BLOG POST: This post highlights how current Machine Learning services enables integration to expand into the enterprise landscape whilst requiring developers to take reinvent themselves and the tools they use.


It is important to be aware of what Machine Learning is and what it isn’t. And why this term is preferable to the term Artificial Intelligence for the range of services that exist today. Current examples of AI, such as face or voice recognition, chatbots, predictive maintenance, self-driving cars and others, operate using complex algorithms with a theoretical basis in probability theory and statistics.

These algorithms are trained using massive amount of data working within a very narrow domain.
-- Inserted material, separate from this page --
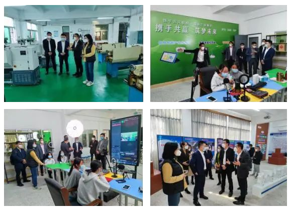 刘志强一行在饶平县教育局、贡天职校有关人员的陪同下,参观了电工、电子工艺、单片机、PLC、数控车床、钳工等学校产教融合实践基地的实训场室,观摩学生直播三诺智慧产品的实训教学活动。双方就校企合作专业课程设置、学生实训设备提升等实际问题进行深度研讨。

Face recognition software does not recognize voices; in fact it does not even understand what a face is, because, unlike humans, it has no conceptual understanding of the data it is processing. Instead it uses a vast set of images to create a mathematical approximation of what a face might look like. From that it can then guess whether the next image contains a face or not.

Through evolution, a human being is born with the ability to generalize using minimum data. The DeepMind software, which won the game of GO, played GO an enormous amount of times before it mastered all the different strategies of the game. Artificial Intelligence today is concerned with the application of mathematical tools and engineering approaches to solve specific problems in specific domains.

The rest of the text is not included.